Atmospheric scintillation is one of the largest sources of error in ground-based spectrophotometry, reducing the precision of astrophysical signals extracted from the time-series of bright objects to that of much fainter objects. Relative to the fundamental Poisson noise, scintillation is not effectively reduced by observing with larger telescopes, and alternative solutions are needed to maximize the spectrophotometric precision of large telescopes. If the chromatic covariance of the scintillation is known, it can be used to reduce the scintillation noise in spectrophotometry. This paper derives analytical solutions for the chromatic covariance of stellar scintillation on a large telescope for a given atmospheric turbulence profile, wind speed, wind direction, and airmass at optical/near-infrared wavelengths. To demonstrate how scintillation noise is isolated, scintillation-limited exoplanet transit spectroscopy is simulated. Then, a procedure is developed to remove scintillation noise and produce Poisson-noise limited light curves. The efficacy and limits of this technique will be tested with on sky observations of a new, high spectrophotometric precision, low resolution spectrograph.

Figures (10)

• Figure 1: Illustration of a ground-based (spectro)photometric noise budget. As a general rule, scintillation dominates the (spectro)photometric noise budgets in ground-based observations. Since it averages down slower than the photon noise ($D^{-2/3}$ vs. $D^{-1}$), scintillation will always prevent large telescopes from acting as true 'light buckets.'
• Figure 2: Illustration of dispersed wavefronts passing through layers of atmospheric turbulence. At the top of the atmosphere, all chromatic starlight enters undispersed. On the way from the top of the atmosphere to the telescope, chromatic wavefronts are dispersed and travel through layers of atmospheric turbulence. The direction of atmospheric dispersion (here, left to right on the page) introduces a preferential direction for the wind speed. When the wind blows in the direction of atmospheric dispersion, all wavefronts see nearly the exact same turbulence. However, when the wind blows perpendicular to the direction of atmospheric dispersion (cross-dispersed direction, here in/out of the page), there are always portions of each wavefront that are exposed to different regions of turbulence. This leads to the wavelength correlation of scintillation depending on the direction of the wind speed relative to the direction of atmospheric dispersion.

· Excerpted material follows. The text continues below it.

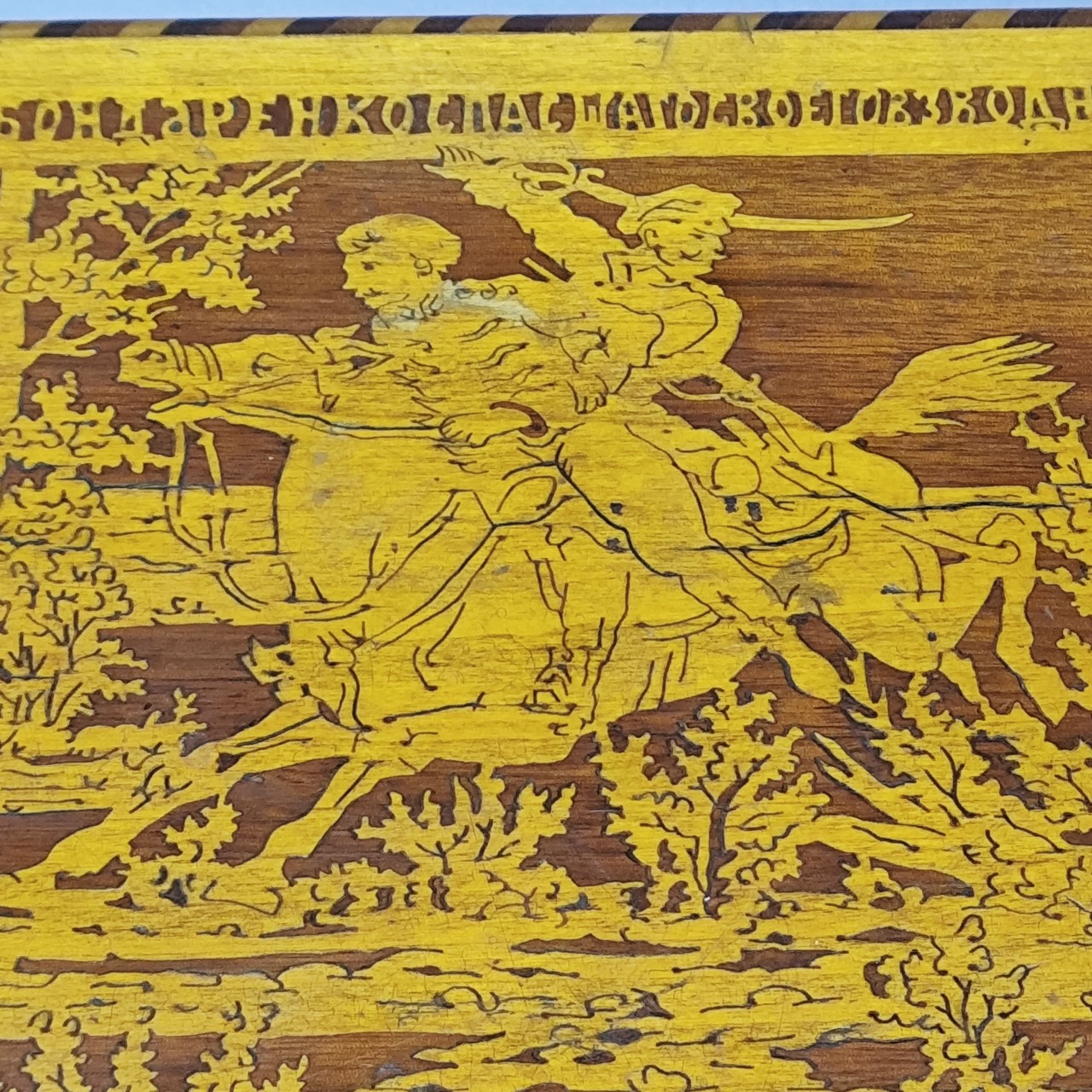Походная полковая шкатулка с изображением батальных сцен Ахтынского гусарского полка Бондаренко 11 июля 1877 года.

• Figure 3: How the covariance changes with exposure time and wind speed. For $w\tau < D$, the wind-direction does not influence the correlation between two wavefronts. This is because, when averaged over the telescope area, the area of turbulence that is common/normal to each wavefronts is the same. As $w \tau$ approaches and surpasses the telescope diameter, that the wind direction begins to play a role in the correlation coefficient. For completely perpendicular winds, the disjoint area grows as $\approx \rho w \tau$ whereas for parallel winds, the area is constant with exposure time.

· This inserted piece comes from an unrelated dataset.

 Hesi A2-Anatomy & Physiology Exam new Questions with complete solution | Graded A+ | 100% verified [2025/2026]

• Figure 4: Comparing the parallel/perpendicular wind covariance weighting functions as a function of exposure time. The first $n=4$ terms of covariant weighting function, Equation \ref{['equation:longexposure_covariantweightingfunction_final']} are shown. The covariant weighting function is found by summing all terms together. The red curves represent the subtracted terms, and the blue curve represents the additive term. The covariant weighting function for perpendicular winds has a long-exposure slope equal to the variance/$n=0$ weighting function long-exposure slope. For parallel winds, the long-exposure covariance has a stronger slope leading to a larger covariance as the exposure time increases.
• Figure 5: Injected transmission spectra along with the recovered spectra prior to scintillation correction. Since scintillation is a nearly achromatic stochastic noise source, this adds the same bias to each spectrophotometric light curve, leading to a bias in the recovered transit spectra. This also causes the recovered radius ratio errors to appear inflated, since each light curve is fit independently without any knowledge of the covariance.